Task to complete:
From the material below, reproduce exactly the stretch of lines that begins with the line holding "The Q&A Assistant" and ends with the line holding "本集最大冲突发生在傍晚时分,鸦天狗长老突", skipping the pictures.

Data:
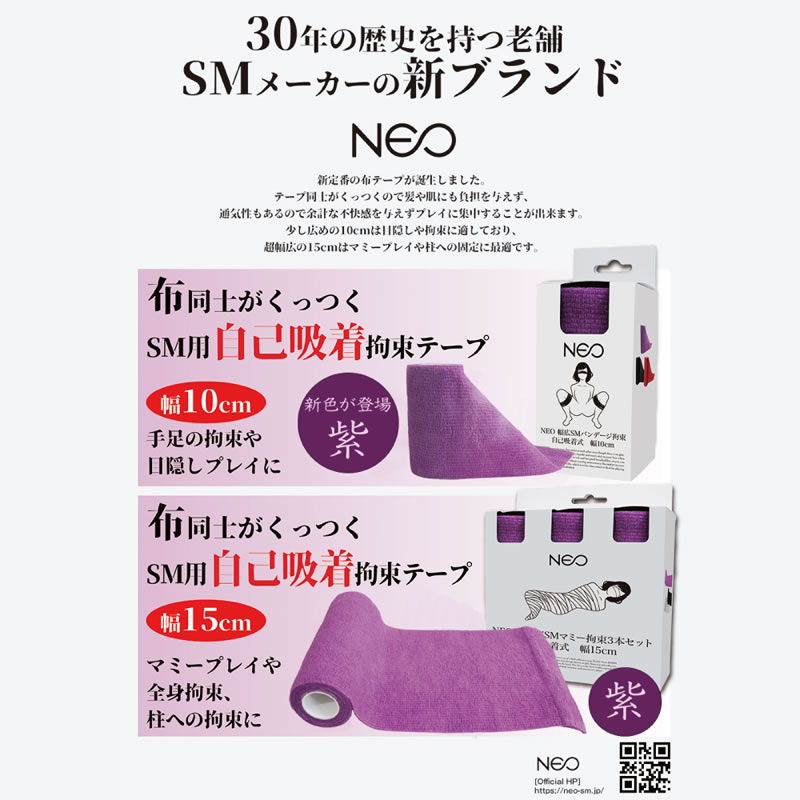 ★NEO 超幅広SMマミー拘束3本セット 自己吸着式 幅15cm 紫
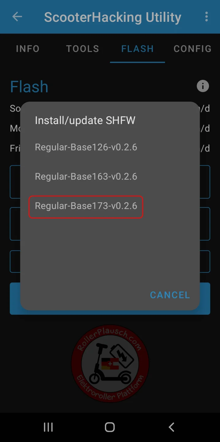 Die aktuelle SHFW Regular-Base173-v0.2.6 lässt sich nur dann installieren, wenn die aktuelle DRV-Version auf dem Controller kleiner als DRV1.8.3 (oder 1.7.13 je nach App dargestellt) ist. Ansonsten muß man den ESC zuerst per ST-Link downgraden.
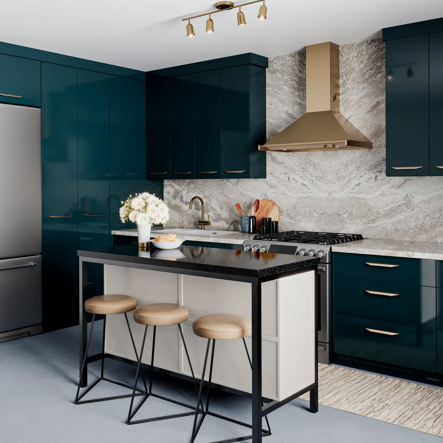 • One modern track light constructed of sturdy steel and finished in warm brushed brass, featuring four adjustable heads with swiveling necks for precision lighting
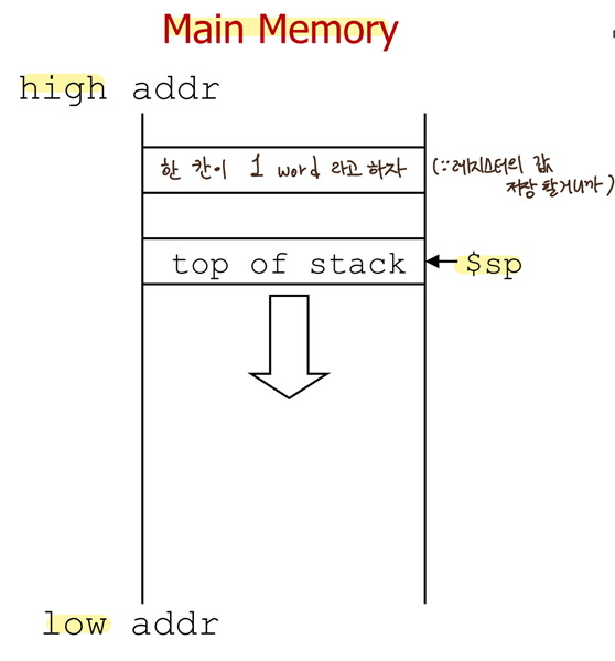 %sp ($29) : 일반 레지스터 中 used to point to the top of the stack
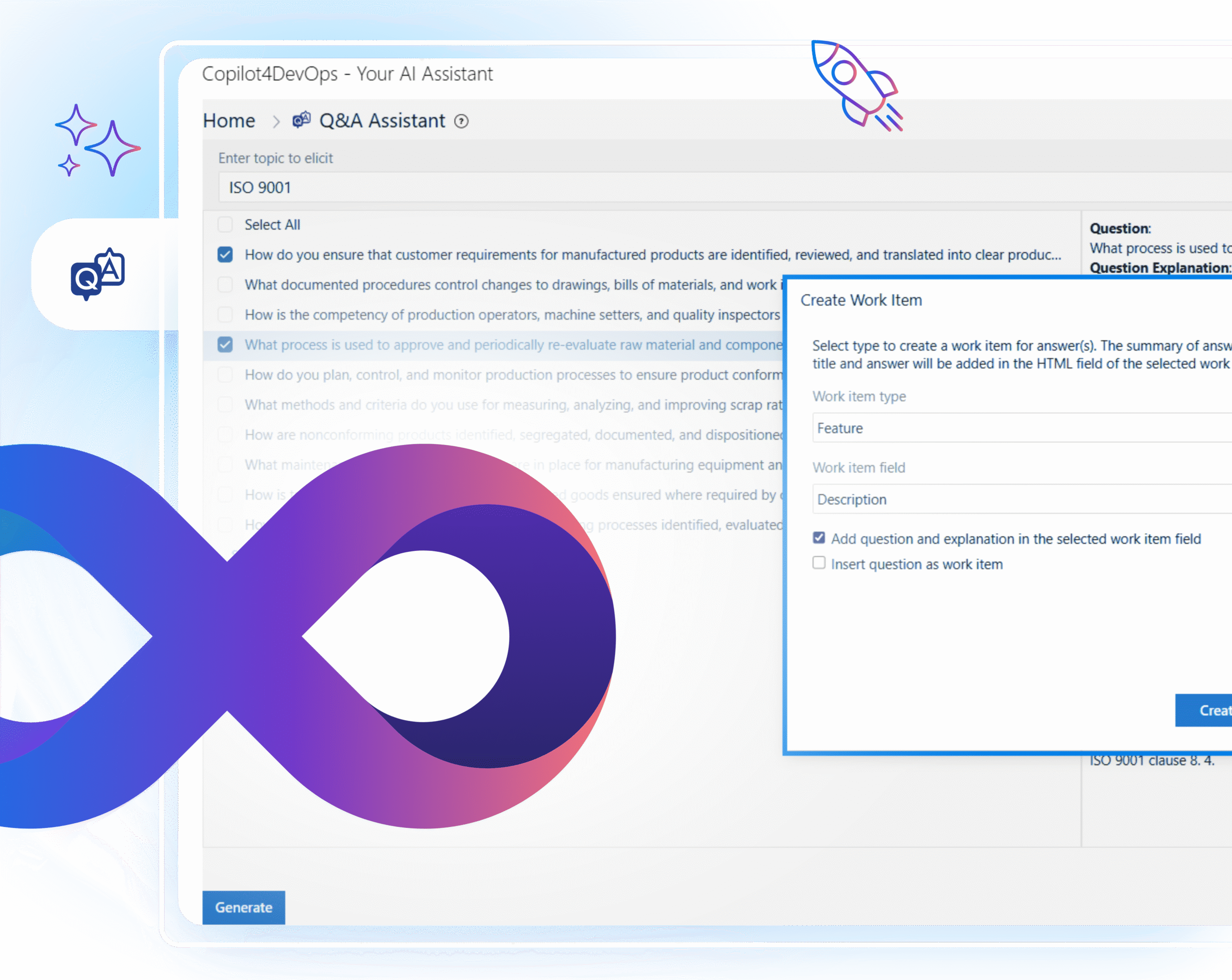 The Q&A Assistant in Copilot4DevOps helps teams get ready for project discussions with better questions. Enter a topic such as a feature, workflow, or compliance area, and AI prepares interview-style questions along with suggested answers. Each question comes with a short explanation and a concise answer summary. Teams can push generated questions to the Azure backlog as traceable work items.
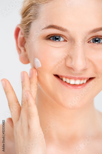 © Cookie Studio, Fototapeta premium Portrait of young pretty girl over white background.
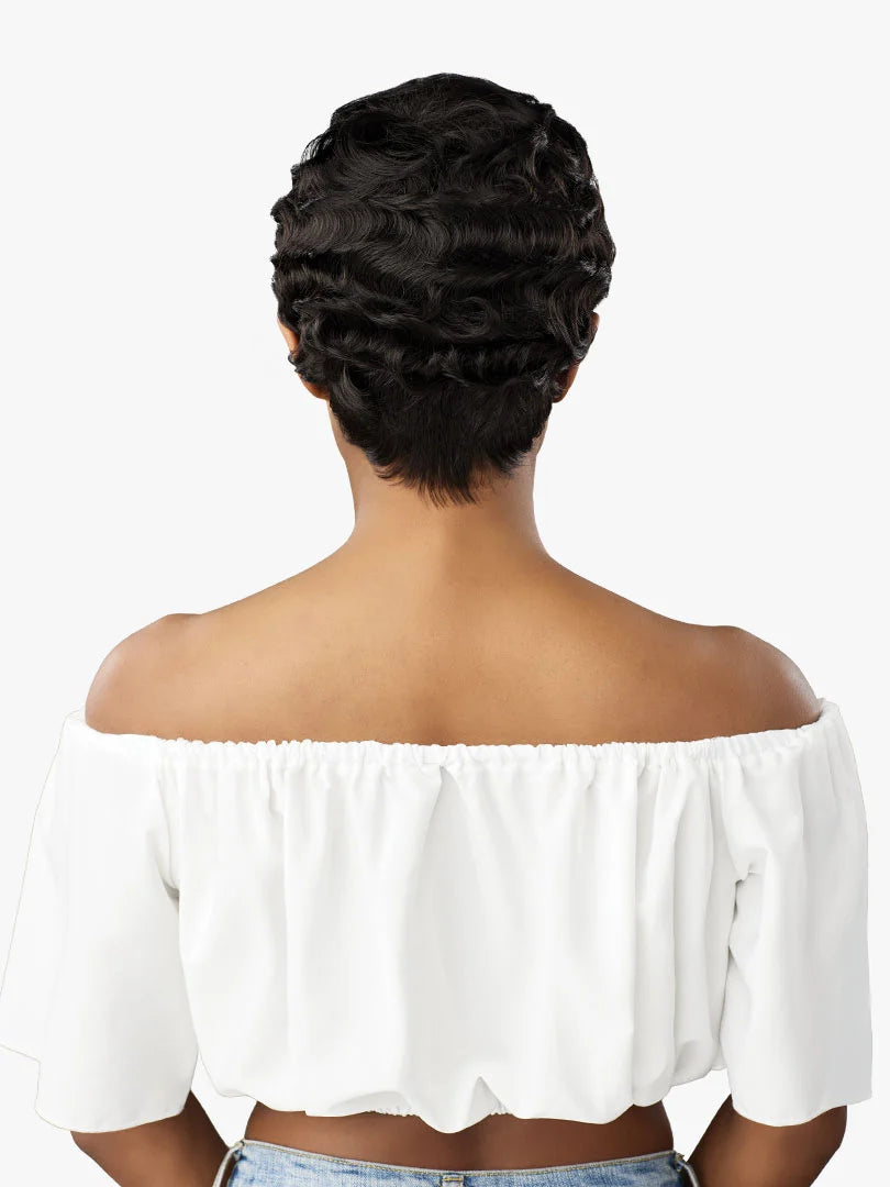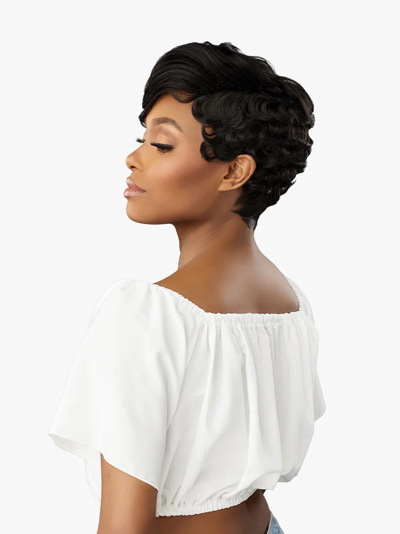 Curly pixie cut with full top volume and tapered Finger waves on the side.
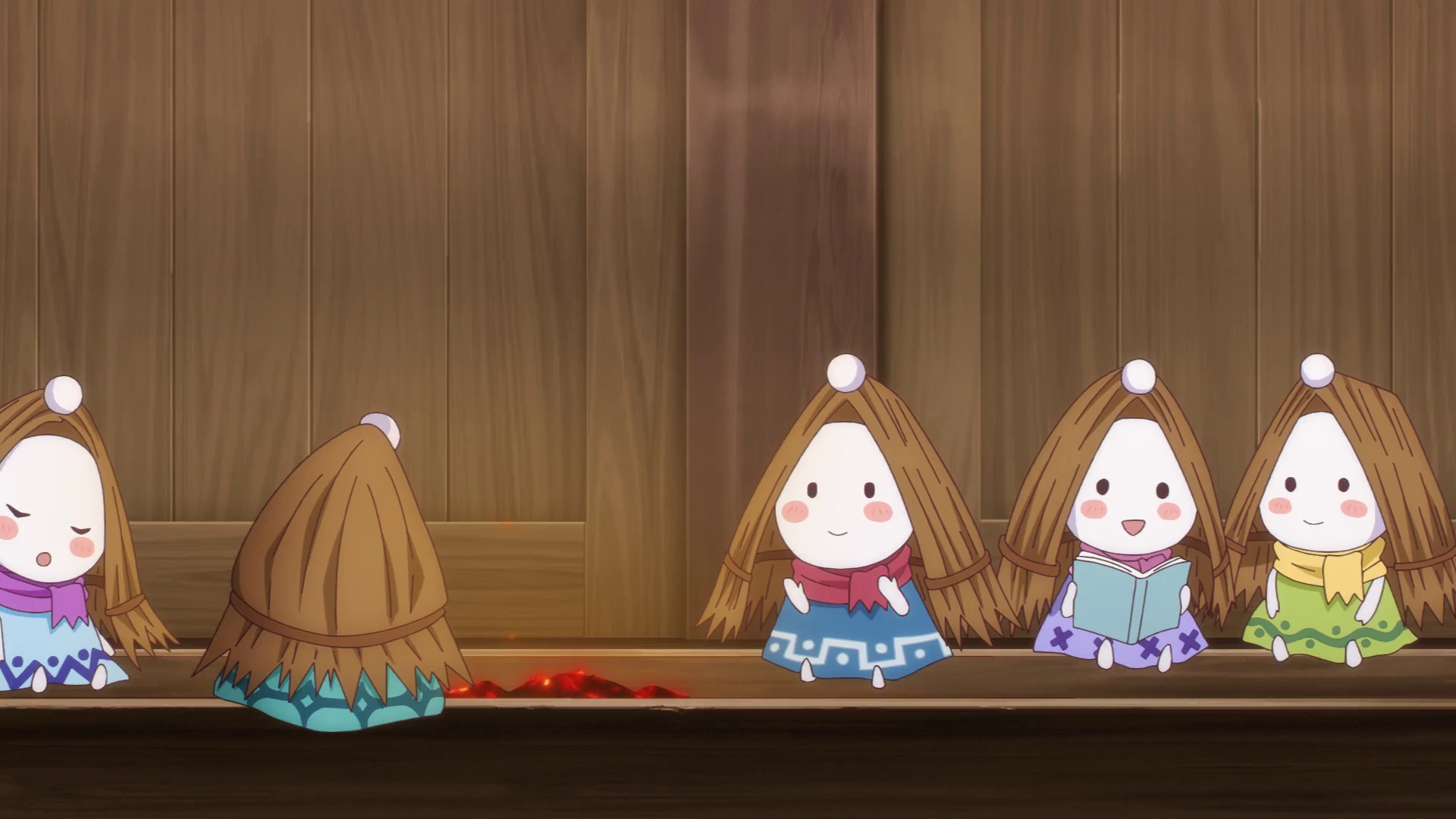 本集最大冲突发生在傍晚时分,鸦天狗长老突然造访并质问银次为何纵容人类干涉妖怪事务。面对长老"破坏规矩就要承担后果"的警告,银次首次展现出凌厉妖气,而躲在帘后的葵则攥紧了手中的菜单。这场戏通过东山奈央颤抖的声线和小西克幸压低的气音,将妖怪世界的规则与人情温暖的对立展现得淋漓尽致。
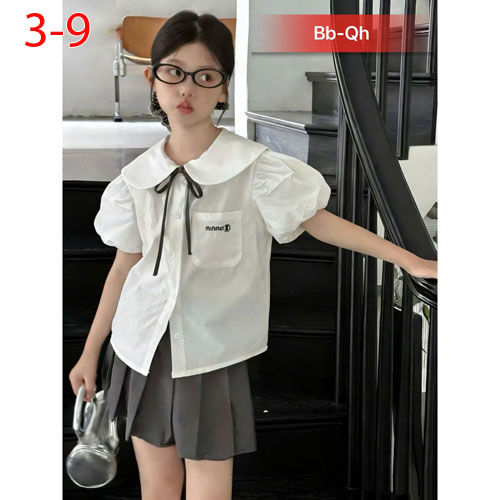 A508457 - (1/5)Set bé gái chuẩn vibe tiểu thư Hàn Quốc áo vải kate nhập chân váy kaki dập ly kèm chi

Solution to this task:
 The Q&A Assistant in Copilot4DevOps helps teams get ready for project discussions with better questions. Enter a topic such as a feature, workflow, or compliance area, and AI prepares interview-style questions along with suggested answers. Each question comes with a short explanation and a concise answer summary. Teams can push generated questions to the Azure backlog as traceable work items.
 © Cookie Studio, Fototapeta premium Portrait of young pretty girl over white background.
 Curly pixie cut with full top volume and tapered Finger waves on the side.
 本集最大冲突发生在傍晚时分,鸦天狗长老突然造访并质问银次为何纵容人类干涉妖怪事务。面对长老"破坏规矩就要承担后果"的警告,银次首次展现出凌厉妖气,而躲在帘后的葵则攥紧了手中的菜单。这场戏通过东山奈央颤抖的声线和小西克幸压低的气音,将妖怪世界的规则与人情温暖的对立展现得淋漓尽致。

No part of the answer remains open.